The server administrator can set up a data retention policy, which helps control the amount of export files and through that the corresponding storage utilization.

The data retention policy is very effective in the cases, where the export is triggered periodically via the API to produce snapshots of the data available to date. This may result in a large number of data files produced, but only the most recent ones needed for the subsequent processing. Limiting the age of the export files will help retain only the most recently produced export files.

Note that this policy is formulated separately for each workspace in the corresponding workspace settings.

By default no deletion occurs. However the administrator may specify to delete the prepared export files when they are older than a certain number of days (numeric parameter Days to keep), or if their number exceeds a certain threshold (numeric parameter Number of files to keep). Either of these two thresholds may be left unspecified, in which case the policy is not sensitive to that dimension:

• if days are not specified, the files will not be deleted based on their age, but may be deleted based on their number, (if the other parameter is specified);

• if number of files to keep is not specified, the files will not be deleted based on their number, but may be deleted based on their age (if the other parameter is specified).

• if neither threshold is specified, no deletion will occur and it is equivalent of the policy of retaining all prepared export files.

If the administrator decides to specify a different threshold for number of days or files in the export file retention policy, the corresponding SAVE button must be pressed to preserve the new value of the threshold.

The changes to these parameters are logged in the audit log for the corresponding workspace and are available for inspection.

Note the following details of the implementation of the data retention policy:

1. The policy is implemented by periodically running a clean up job, that evaluates the current stock of outputs and eliminates the oldest ones to fit the limits set by the administrator.

2. The policy is not directly scheduled by the user (there is nowhere to specify whether the clean up should occur in the middle of the day or in the middle of the night, etc). Overall, however, the system will do two cleanup attempts in a 24-hour period at own discretion. If desirable, the user may force the policy to be applied on-demand, by clicking the corresponding button.

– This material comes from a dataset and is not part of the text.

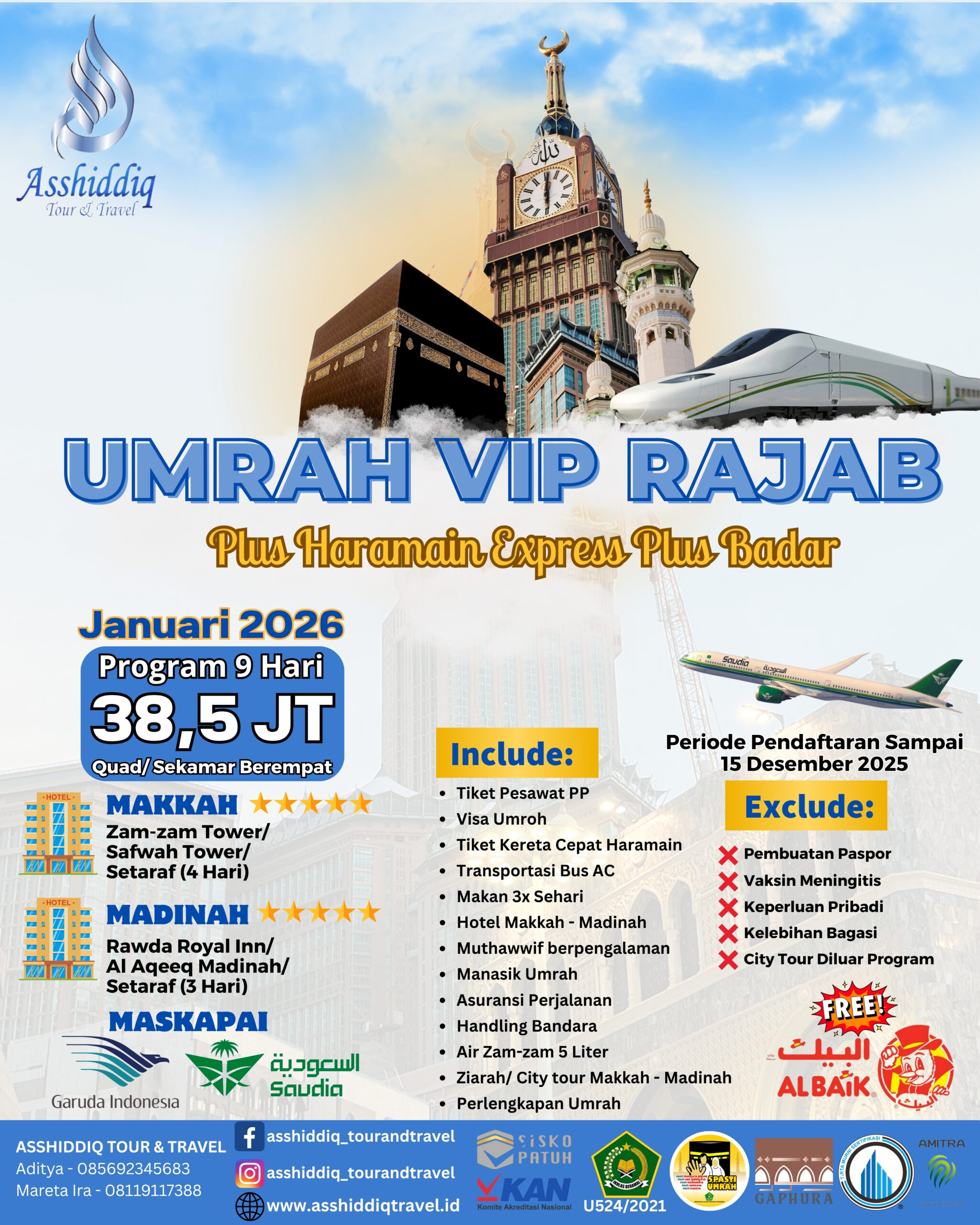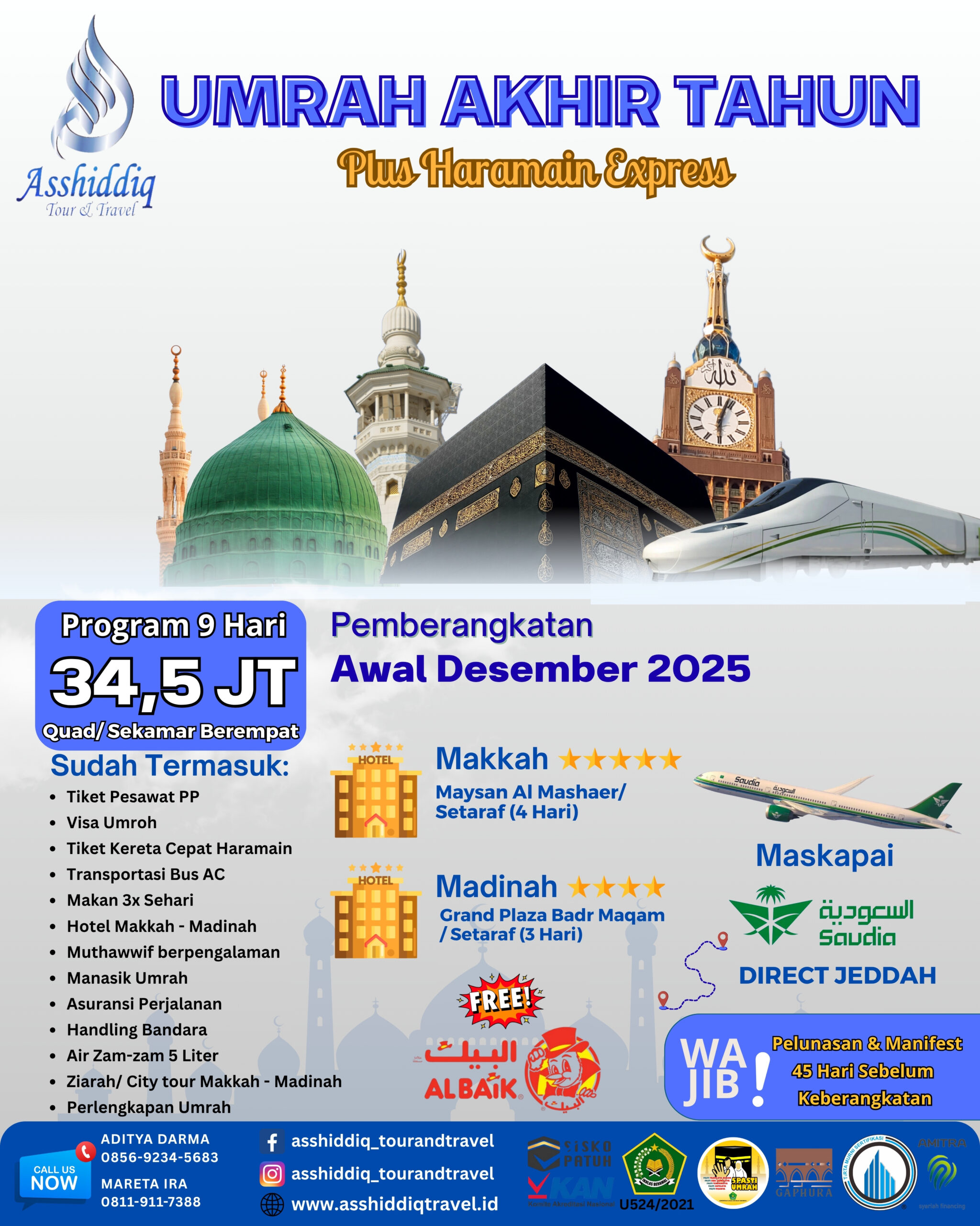 Asshiddiq menyediakan berbagai macam program perjalanan umroh, yang dapat disesuaikan keinginan jamaah.

3. The policy tolerates temporary file locks - if the file that is supposed to be deleted is locked (because it is being downloaded, scanned by an AntiVirus, or for any other reason) this file will be skipped, and the program will re-attempt the deletion in the next pass.

4. The policy is not hard - because of the scheduling delay, and because the files may be locked the policy is not a guarantee that the number of export files will never overshoot the specified threshold. It is possible in the short run, but as the clean up is conducted the program will try to rectify the situation to remain compliant with the policy set up by the administrator.